American prosecutors are also unusually creative, using a different law when the one that appears most relevant lacks teeth. The Department of Justice has not charged anybody at FIFA with bribery: federal bribery laws cover only payments to government officials. Prosecutors have instead alleged racketeering, wire fraud and money-laundering conspiracies under the Racketeer Influenced and Corrupt Organisations (RICO) Act, which was intended for use against the Mafia.
Odder still, officials have been charged with violations of the Travel Act, which says that it is illegal to engage in interstate or foreign travel, or use “any facility in interstate commerce” to carry out an illegal activity (it helps that some states have laws against commercial bribery). Any relevant transaction with an American link can be targeted—such as the one in which an employee of a Bahamas-based bank flew to New York to pick up an alleged bribe of $250,000.
A third explanation for American zeal is the prevalence of plea-bargaining. Prosecutors commonly collar people they suspect of being part of a conspiracy, threaten them with all sorts of charges and decades in prison, then offer them leniency in a plea deal if they testify against others. Chuck Blazer and the sons of another former FIFA official have pleaded guilty and reportedly spilled beans.
In comparison, European judicial systems discourage plea-bargaining because of the risk that suspects will not so much sing as compose, inventing stories that implicate others. Europe is also more wedded to the doctrine of “comity”, which holds that courts should not act in a way that demeans the jurisdiction, laws or judicial decisions of another country. “In practice, this translates into keeping your collective nose out of other nations’ legal affairs, with a few exceptions, such as war crimes,” says Stephen Platt, a barrister and an expert on financial crime.

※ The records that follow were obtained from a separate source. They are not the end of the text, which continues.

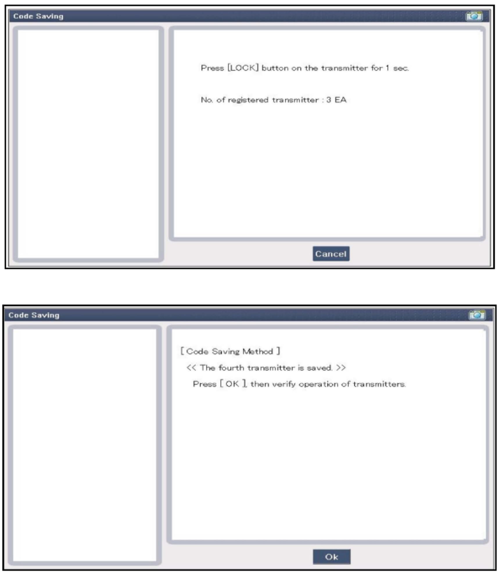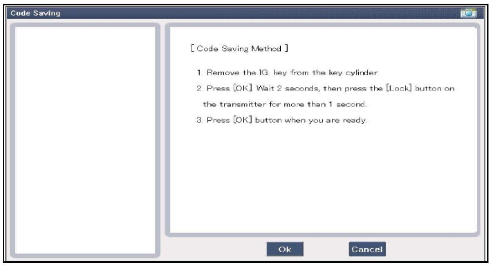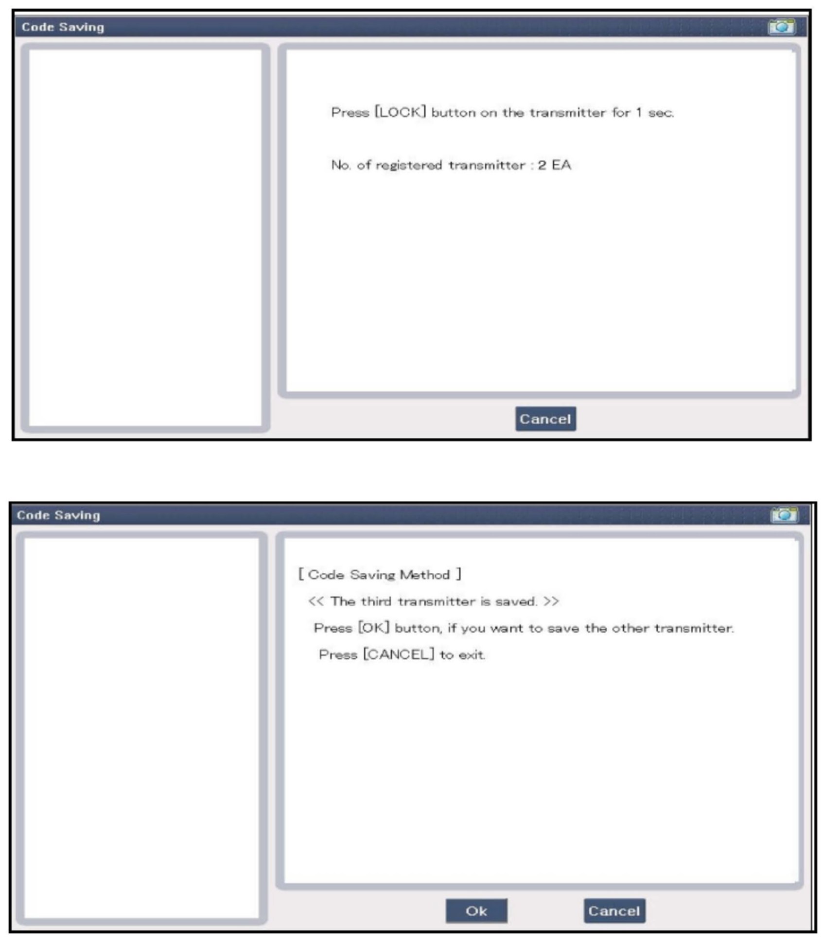 3. After selecting the "CODE SAVING" menu, press the "ENTER" key, then the screen will appear as shown above.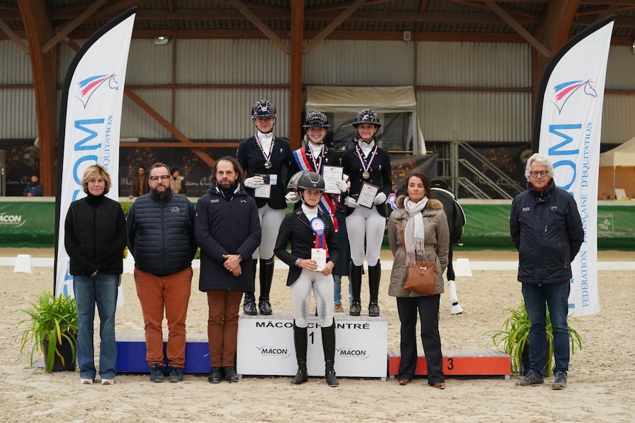 En ce samedi 25 octobre à Mâcon Chaintré, les championnats de France des AS et Amateurs de dressage ont sacré leurs premiers champions. Flavie Barraud et Sir Rubino sont les nouveaux champions de France des AS Minimes. Laure Peretti et Vitalio de la Gesse s'imposent chez les Juniors. Lou Eden Commenge et Legend Dancarino montent sur la plus haute marche du podium Jeunes Cavaliers. Chez les Amateurs 2 et 3 Jeunes, sont respectivement sacrées Thalia Colin et Hortense Smith Huet.
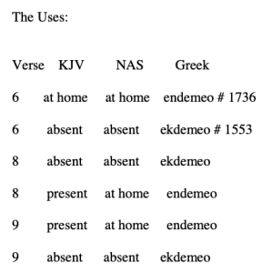 The meaning of this passage is greatly obscured by the presence of poor translation. In the King James Version, two Greek words are translated three ways in English: ‘at home,’ ‘absent,’ and ‘present.’ The NAS uses only two English equivalents: ‘absent’ and ‘at home.’ The only word which closely gives the actual meaning of the Greek is ‘at home’ – meaning comfortable with one’s surroundings.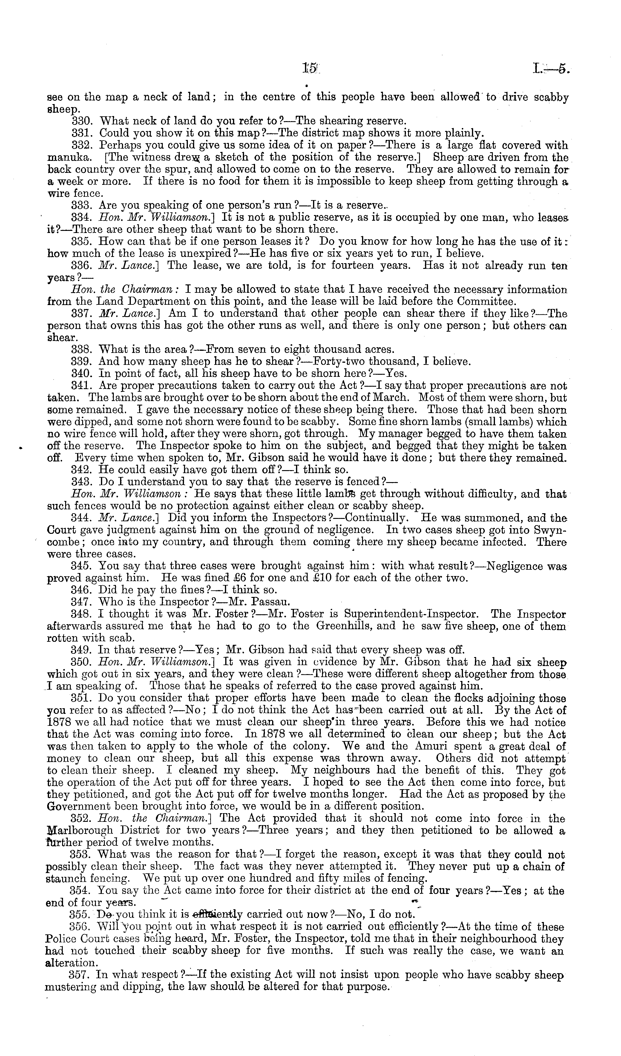 see on the map a neck of land; in the centre of this people have been allowed to drive scabby sheep. 330. What neck of land do you refer to ? —The shearing reserve. 331. Could you show it on this map?— The district map shows it more plainly. 332. Perhaps you could give us some idea of it on paper?— There is a large flat covered with manuka. [The witness drew a sketch of the position of the reserve.] Sheep are driven from the back country over the spur, and allowed to come on to the reserve. They are allowed to remain for a week or more. If there is no food for them it is impossible to keep sheep from getting through a wire fence. 333. Are you speaking of one person's run ?—lt is a reserve.. 334. Hon. Mr. Williamson.) It is not a public reserve, as it is occupied by one man, who leases it? —There are other sheep that want to be shorn there. 335. How can that be if one person leases it ? Do you know for how long he has the use of it:: how much of the lease is unexpired? —He has five or six years yet to run, I believe. 336. Mr. Lance.) The lease, we are told, is for fourteen years. Has it not already run ten years ? — Hon. the Chairman : I may be allowed to state that I have received the necessary information from the Land Department on this point, and the lease will be laid before the Committee. 337. Mr. Lance.) Am I to understand that other people can shear there if they like ?—The person that owns this has got the other runs as well, and there is only one person; but others can shear. 338. What is the area ?—From seven to eight thousand acres. 339. And how many sheep has he to shear ? —Forty-two thousand, I believe. 340. In point of fact, all his sheep have to be shorn here ?—Yes. 341. Are proper precautions taken to carry out the Act ?—I say that proper precautions are not taken. The lambs are brought over to be shorn about the end of March. Most of them were shorn, but some remained. I gave the necessary notice of these sheep being there. Those that had been shorn were dipped, and some not shorn were found to be scabby. Some fine shorn lambs (small lambs) which no wire fence will hold, after they were shorn, got through. My manager begged to have them taken off the reserve. The Inspector spoke to him on the subject, and begged that they might be taken off. Every time when spoken to, Mr. Gibson said he would have it done ; but there they remained. 342. fie could easily have got them off?—l think so. 343. Do I understand you to say that the reserve is fenced?— Hon. Mr. Williamson : He says that these little lambs get through without difficulty, and that such fences would be no protection against either clean or scabby sheep. 344. Mr. Lance.] Did you inform the Inspectors ? —Continually. He was summoned, and the Court gave judgment against him on the ground of negligence. In two cases sheep got into Swyncombe ; once into my country, and through them coming there my sheep became infected. There were three cases. 345. You say that three cases were brought against him : with what result ?—Negligence was proved against him. He was fined £6 for one and £10 for each of the other two. 346. Did he pay the fines?—l think so. 347. Who is the Inspector?— Mr. Passau. 348. I thought it was Mr. Foster ?—Mr. Foster is Superintendent-Inspector. The Inspector afterwards assured me that he had to go to the Greenhills, and he saw five sheep, one of them rotten with scab. 349. In that reserve ? —Yes; Mr. Gibson had said that every sheep was off. 350. Hon. Mr. Williamson.] It was given in evidence by Mr. Gibson that he had six sheep which got out in six years, and they were clean ? —These were different sheep altogether from those lam speaking of. Those that he speaks of referred to the case proved against him. 351. Do you consider that proper efforts have been made to clean the flocks adjoining those you refer to as affected ?—No; Ido not think the Act has been carried out at all. By the Act of 1878 we all had notice that we must clean our sheep'in three years. Before this we had notice that the Act was coming into force. In 1878 we all determined to clean our sheep; but the Act was then taken to apply to the whole of the colony. We and the Amuri spent a great deal of money to clean our sheep, but all this expense was thrown away. Others did not attempt to clean their sheep. I cleaned my sheep. My neighbours had the benefit of this. They got the operation of the Act put off for three years. I hoped to see the Act then come into force, but they petitioned, and got the Act put off for twelve months longer. Had the Act as proposed by the Government been brought into force, we would be in a different position. 352. Hon. the Chairman.) The Act provided that it should not come into force in the Marlborough District for two years ?—Three years; and they then petitioned to be allowed a further period of twelve months. 353. What was the reason for that ?—I forget the reason, except it was that they could not possibly clean their sheep. The fact was they never attempted it. They never put up a chain of staunch fencing. We put up over one hundred and fifty miles of fencing. 354. You say the Act came into force for their district at the end of four years ? —Yes ; at the end of four years. 355. Do you think it is efficiently carried out now? —No, I do not. 356. WilUyou point out in what respect it is not carried out efficiently ? —At the time of these Police Court cases being heard, Mr. Foster, the Inspector, told me that in their neighbourhood they had not touched their scabby sheep for five months. If such was really the case, we want an alteration. 357. In what respect ?—lf the existing Act will not insist upon people who have scabby sheep mustering and dipping, the law should be altered for that purpose.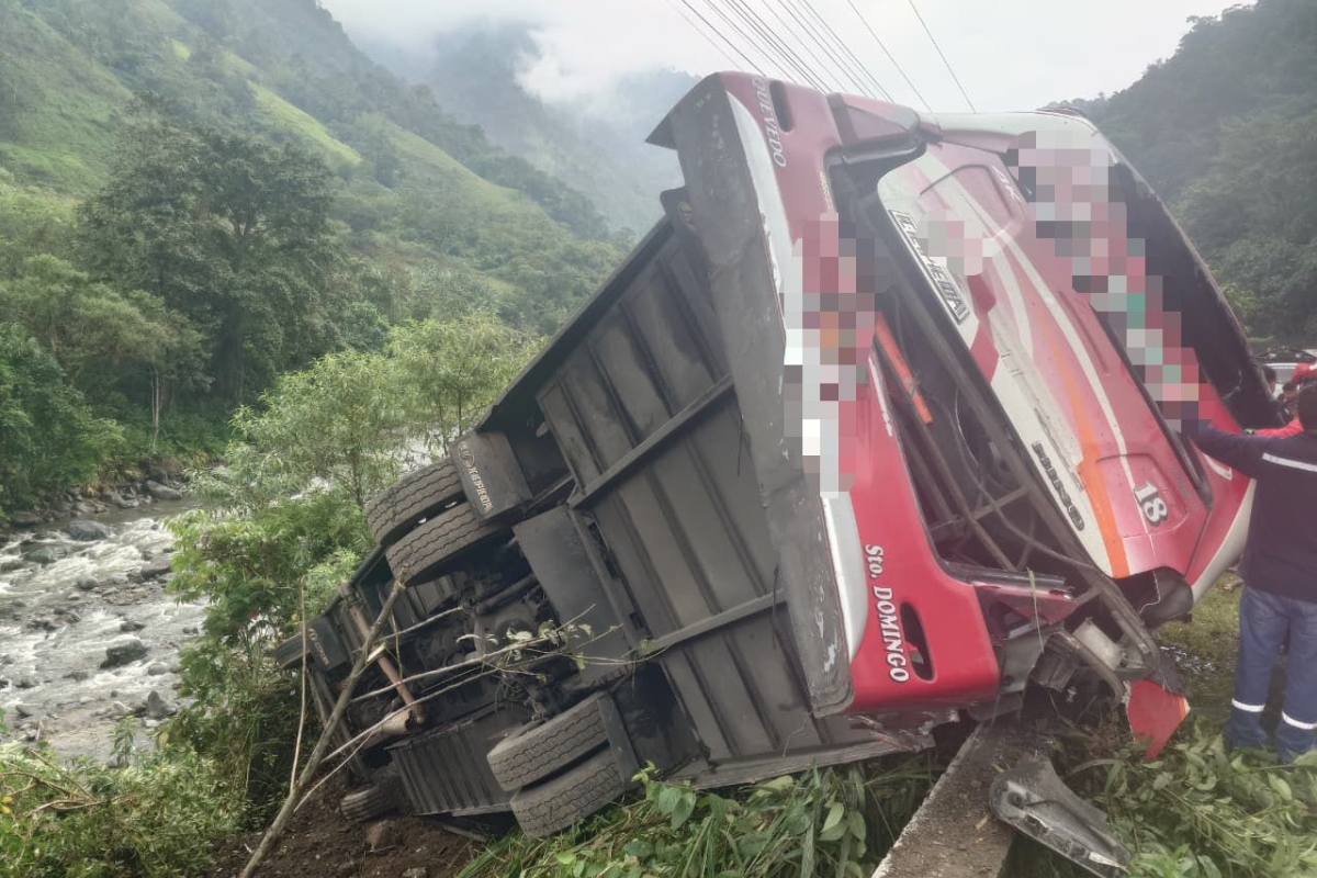 El ECU 911 emitió un reporte sobre los daños ocasionados por la caída de un bus a un barranco en la vía Alóag - Santo Domingo este jueves.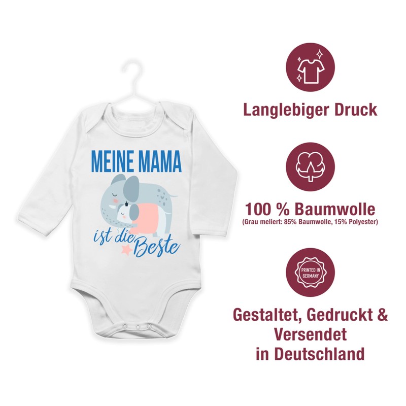 Shirtracer - Baby Bodysuit Long Sleeve Girl Boy - Meine Mama ist die Beste Elefanten, 1 White
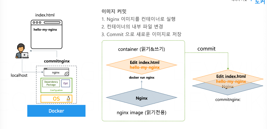 - Nginx 이미지에 존재하는 index.html 수정 => 도커 컨테이너 변경 사항 발생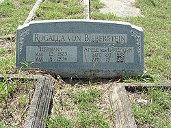 | Gravestone of Hermann Rogalla von Bieberstein (1823-1906), engineer and politician in Texas, and his wife Adele nee Hagedorn (1838-1931). They are burried in Brenham, Washington County, Texas. | Picture private made by US-family Rogalla von Bieberstein | Kuno Rogalla von Bieberstein, Hamburg (Germany) | Datei:RvB Hermann 1823 Grab 007 (2).jpg | |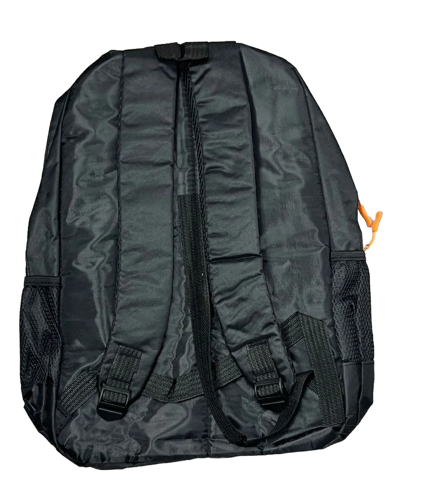 Sport Bag Backpack Black 3 Zipper Closure Compartments 2 Water Bottle Exterior Mesh Pockets Lightweight Travel Carry On Adjustable Straps Light Padding in Largest Compartment Orange Zipper Pull Tabs 18H 13x6 Base inches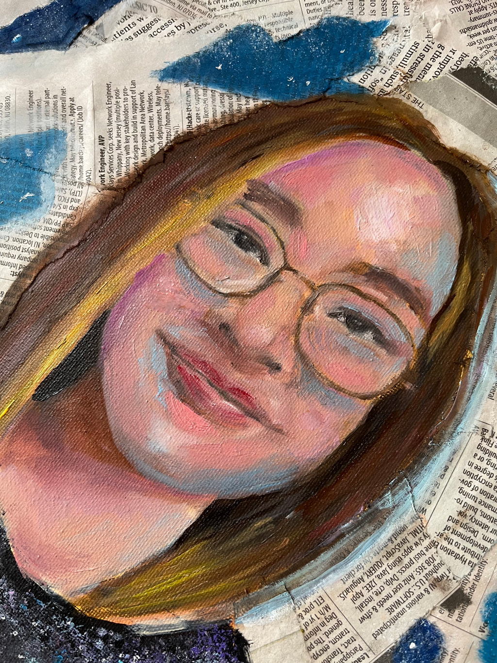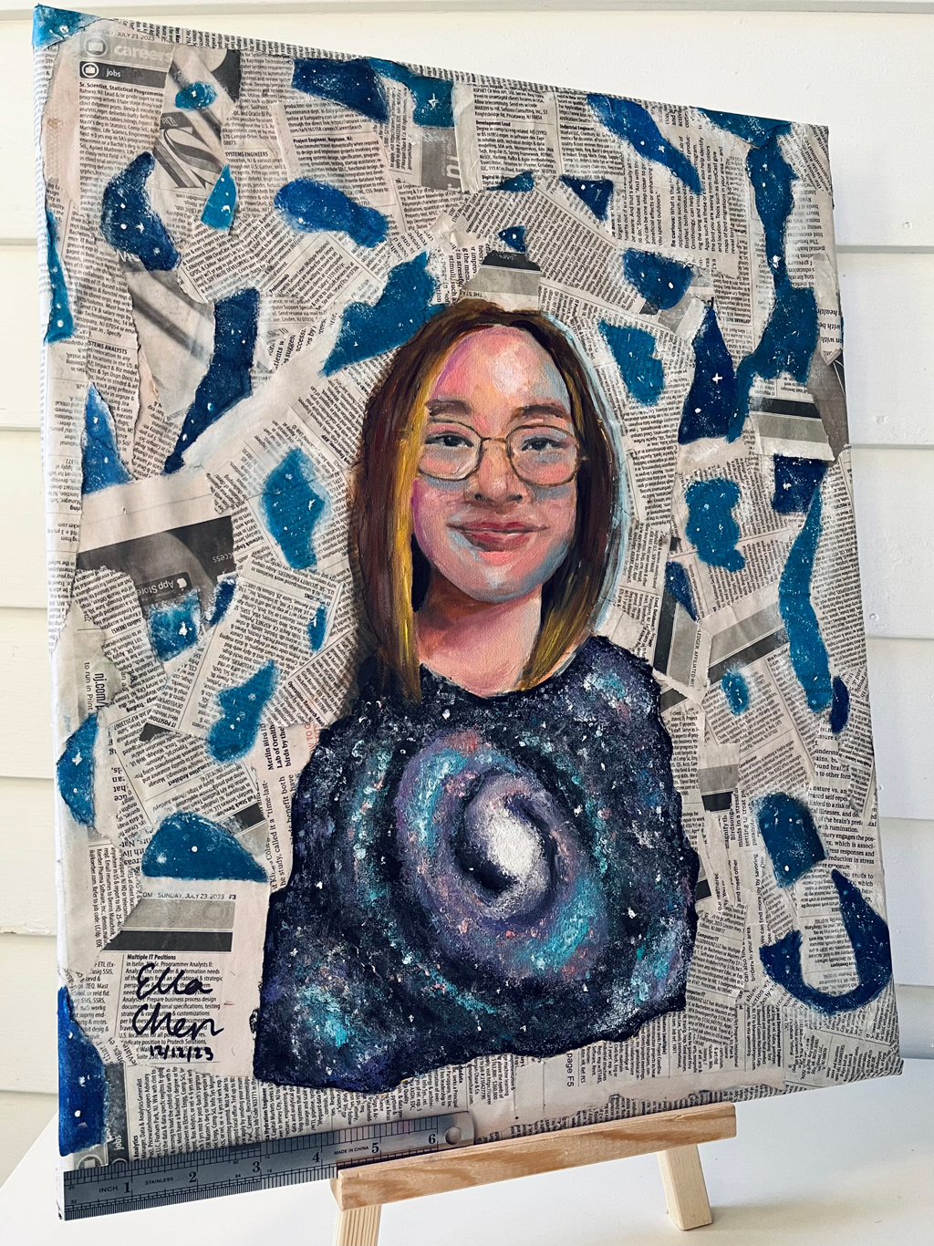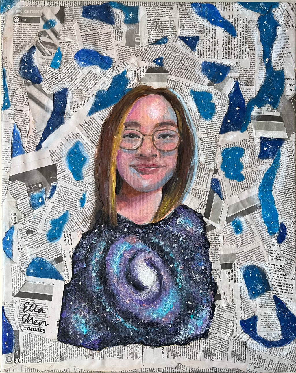 The career newspapers surround me, representing the various paths I could take. There are gaps in the collage in the background, opening up into different galaxies. I am in the center of this piece, trying to figure out what to do with my future. I didn't want to be chained to a desk, working endlessly. I want a future in which I can continue creating and expressing myself, as shown by the splashes of color on my face. I needed to find my own world within.

America has successfully bashed global banks. Last year it wrung $9 billion out of BNP Paribas for knowingly processing through New York transfers that violated sanctions against Iran, Cuba and Sudan. It has clobbered HSBC for its facilitation of Mexican money-laundering. But when it comes to bribery, America has sometimes been too audacious. The recent punishment of BHP Billiton was a legal stretch: the Anglo-Australian mining group was fined $25m for paying for African and Asian officials to attend the 2008 Olympics in Beijing, even though there was no evidence of a specific quid pro quo. Banks complain that regulators have gone too far by suggesting that the hiring of officials’ relatives counts as bribery.
In April, an American court dismissed charges against two Ukrainians, in a case in which the only American link was the tangential involvement of a federal agency. The judge slammed the case as a deeply misguided attempt to turn America into the world’s policeman. Welcome though their assault on corruption in football is, America’s crime-busters cannot hit every ball out of the park.